Stendal. Der Entscheid des Stadtrates für ein Wasserspiel auf dem Marktplatz hat städtische Planungen für kommende Veranstaltungen auf dem Platz etwas zerrupft.

Klar ist bisher: Durch den Einbau des Wasserspiels werden sich die Arbeiten für die Umgestaltung des Marktes verlängern. „Es wird bis ins kommende Jahr dauern“, prognostiziert Stadtsprecher Klaus Ortmann. Das kann Folgen haben für die geplante Eisbahn und den Weihnachtsmarkt.

„Wir hatten ins Auge gefasst, mit dem kompletten Markt bis zum dritten Advent und zum Weihnachtsmarkt fertig zu sein“, sagt Ortmann. Und dann kam der Vorschlag, ein Wasserspiel zu bauen, am Montag stimmte eine Mehrzahl der Stadträte – samt Bürgermeister Schmotz – dafür, und nun muss das Ding also in den Marktboden. In der kommenden Woche werde es ein erstes Planungstreffen von Tiefbauamt und Fachplanern geben.

Der Fahrplan ist derzeit grob so: Bis Ende Mai, so versprechen es die Archäologen der Stadt, ist die Marktseite, an der sie derzeit bauen, aus ihrer Sicht fertig. Zunächst wird der Markt provisorisch zugepflastert. Dann kommt das Rolandfest Anfang Juni. Dann kommen wieder die Archäologen an die Reihe und graben die zweite Hälfte des Marktplatzes auf. Dann kann mit der eigentlich avisierten Umgestaltung des Marktplatzes begonnen werden, und in dem Zuge wird dann auch das neue Projekt, das Wasserspiel, eingebaut. Und das könne womöglich bis ins nächste Jahr dauern, bedingt auch durch die Wetterlage.
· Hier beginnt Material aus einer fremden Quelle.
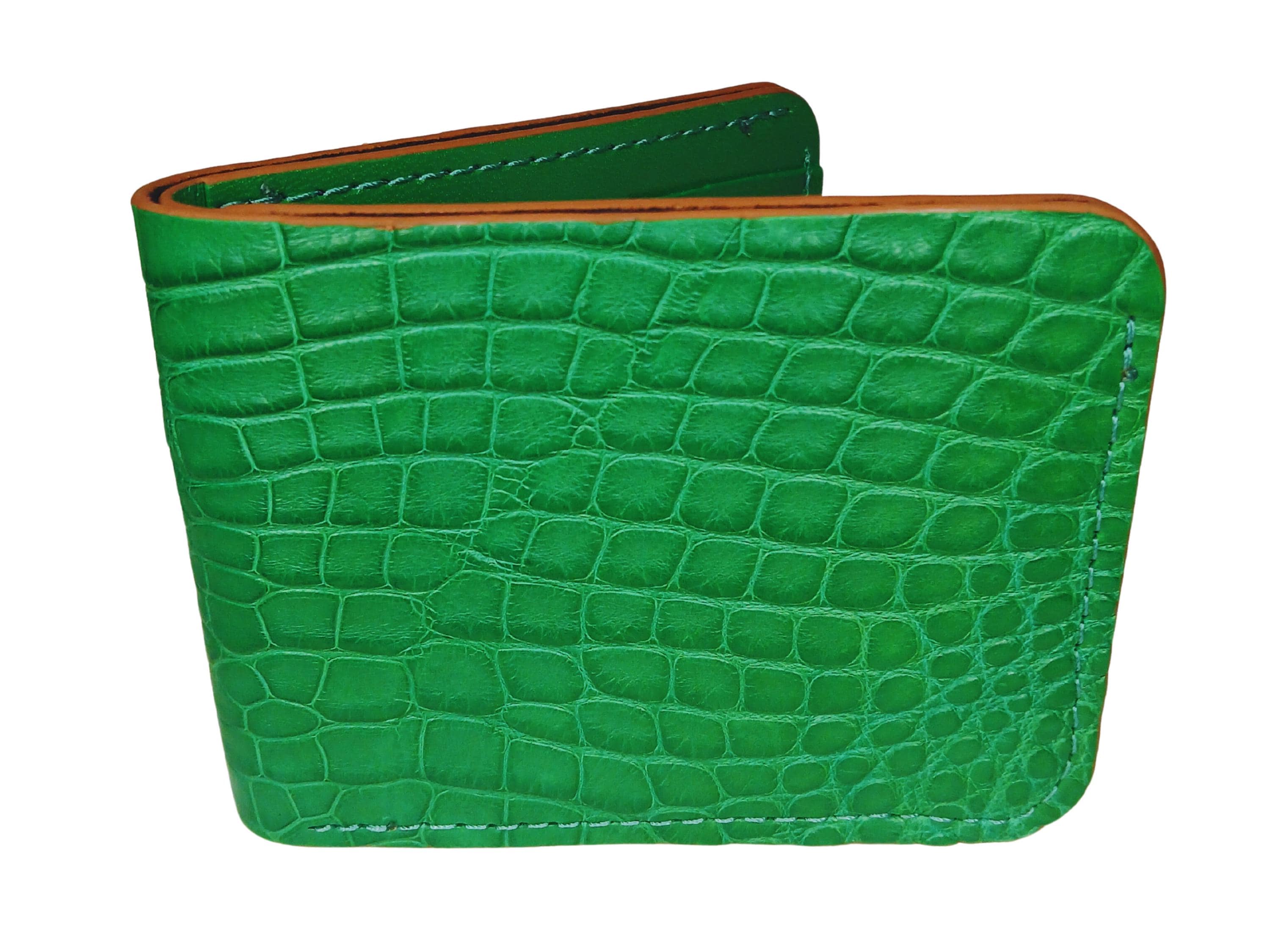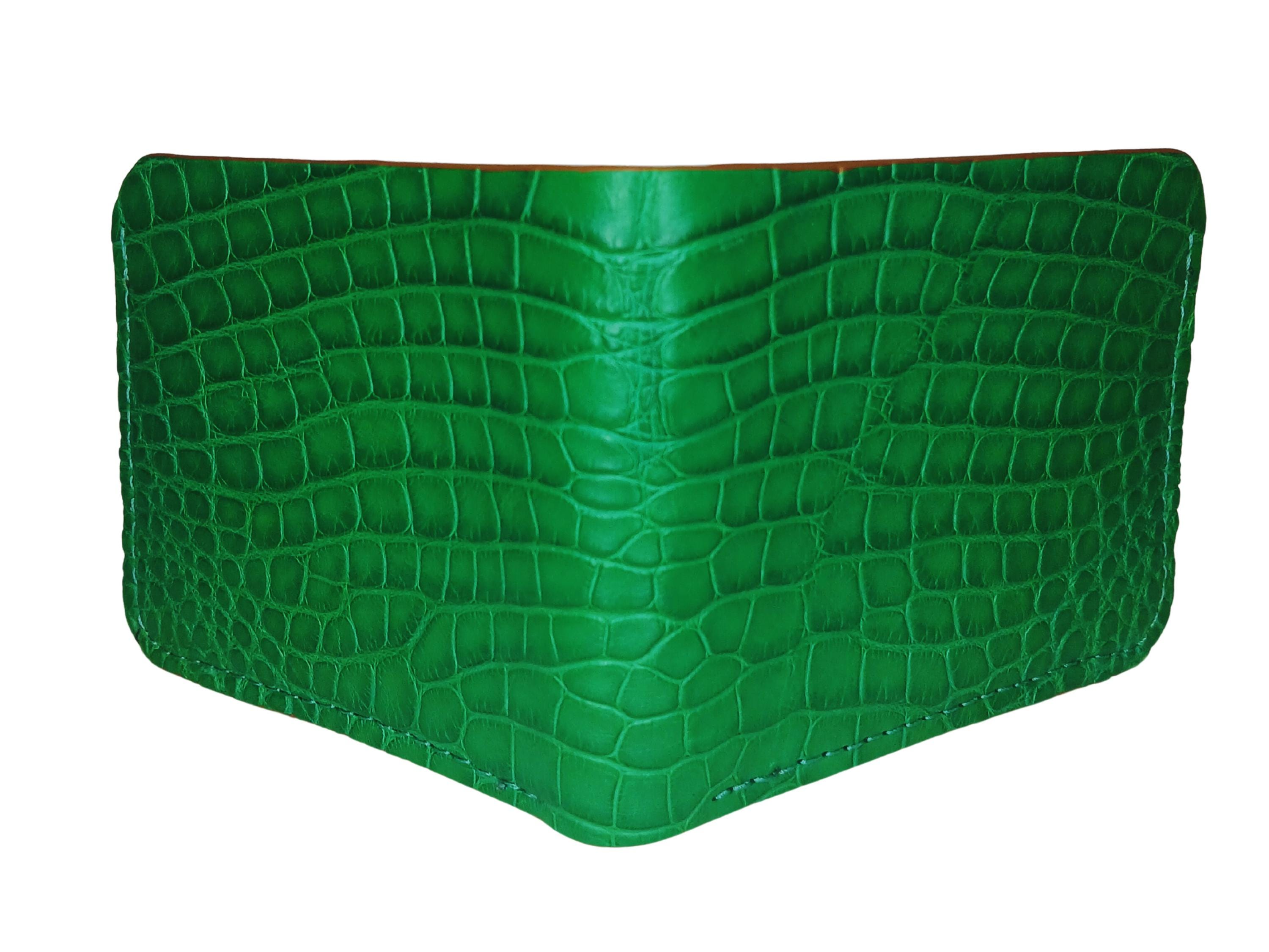Matte Kelly Green American Alligator Bifold Wallet with Green Shrut and Asch Finished Kidskin Interior.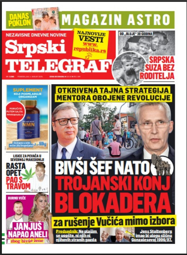 Naslovna strana Srpskog telegrafa za 04.08.2025.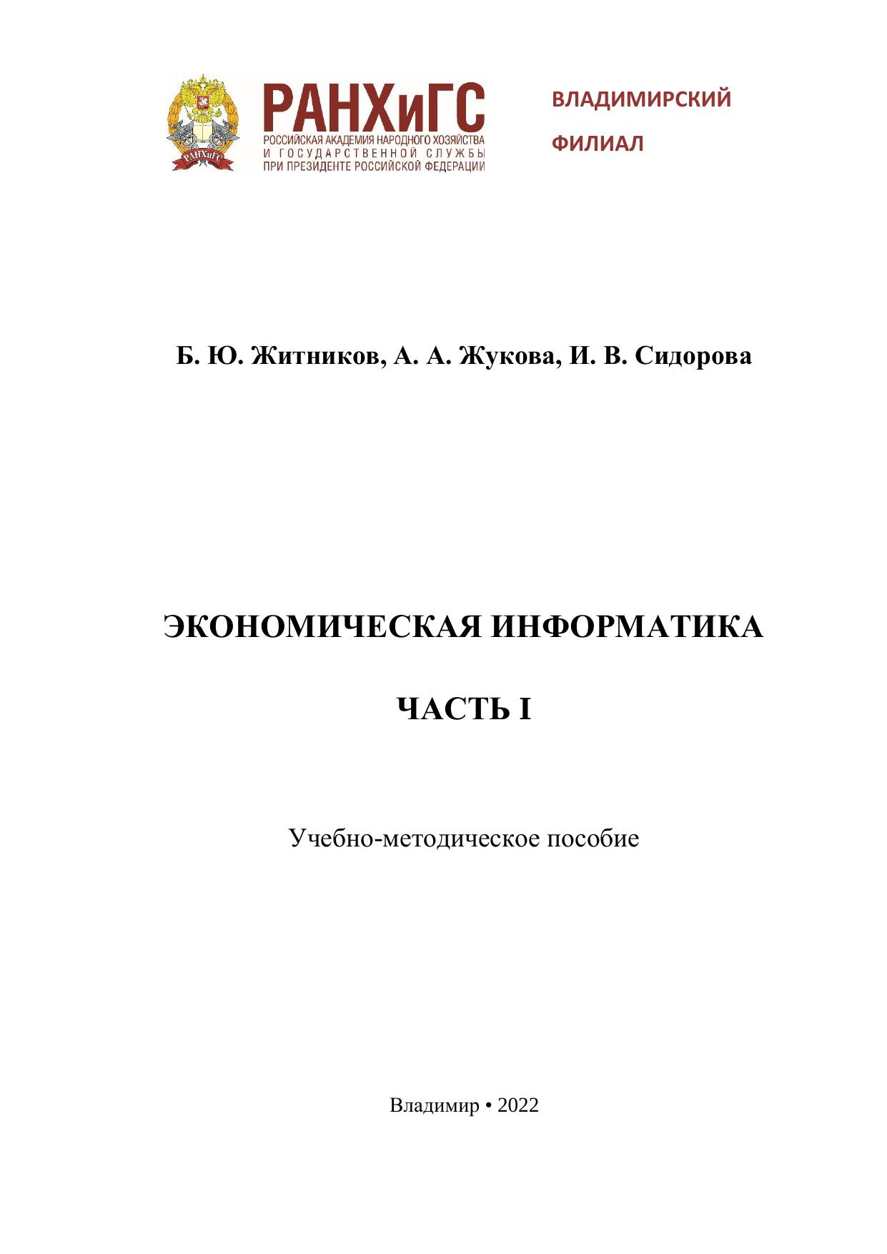 Экономическая информатика. Часть I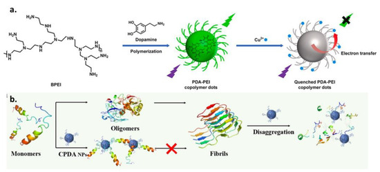Schematic illustration (a) of the synthesis of PDA-PEI copolymer dots and the Cu2+ determination based on the PDA-PEI copolymer dots, (b) of the action of PDA-PEI in the modulation of Aβ Self-Assembly [173,174].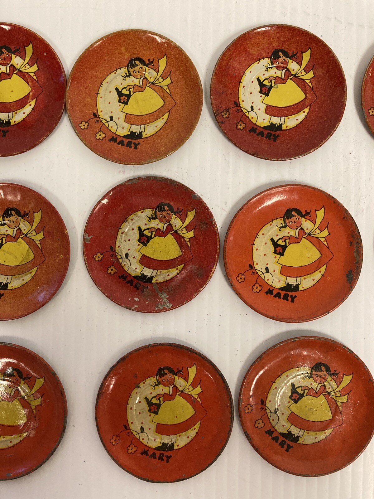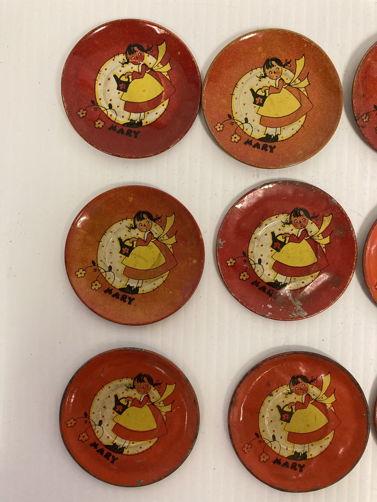 Vintage Children s Tin Play Plates with Mary Pictures D3-93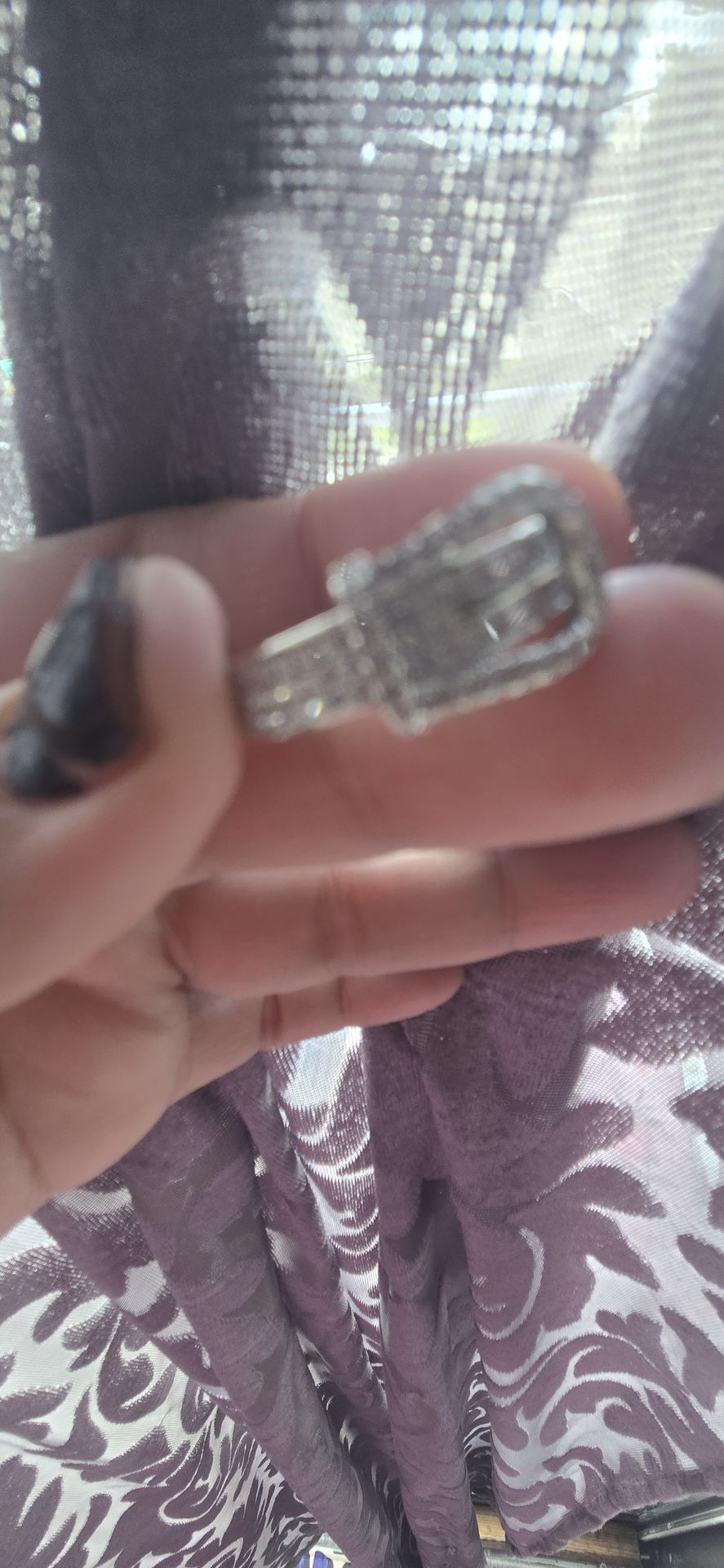 A Very nice ring shines in the sun ..looks like a belt..looks expensive..it was a gift and didnt fit me..otherwise I wont sell it..at all..asking 20$ or best offer..reasonable offers please..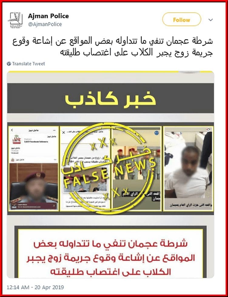 نفت القيادة العامة لشرطة عجمان ما تداولته بعض المواقع ووسائل التواصل الاجتماعي من أخبار وتصريحات منسوبة لضباط من الشرطة حول وقوع جريمة زوج يجبر الكلاب على اغتصاب طليقته في واقعة هزت الرأي العام في إمارة عجمان.

Also möglicherweise ein Weihnachtsmarkt samt geplanter Eisbahn mit Baustelle nebenan? Nein, sagt Ortmann, soweit werde man es nicht kommen lassen. „Wir können auch auf einen anderen Bereich ausweichen. Wir haben so viele schöne Plätze.“

Aber wohin? Dass der Sperlingsberg allein schon für eine Eisbahn zu klein ist, ist bereits bekannt (AZ berichtete). Ortmann bringt andere Plätze ins Spiel: Schützenplatz, Mönchskirchhof, es gebe auch den Winckelmannplatz. Aber Verbindliches kann er nicht verlautbaren: „Der Entscheid für das Wasserspiel ist gerade einmal drei Tage her“, gibt er zu bedenken. Es gibt noch viel zu planen.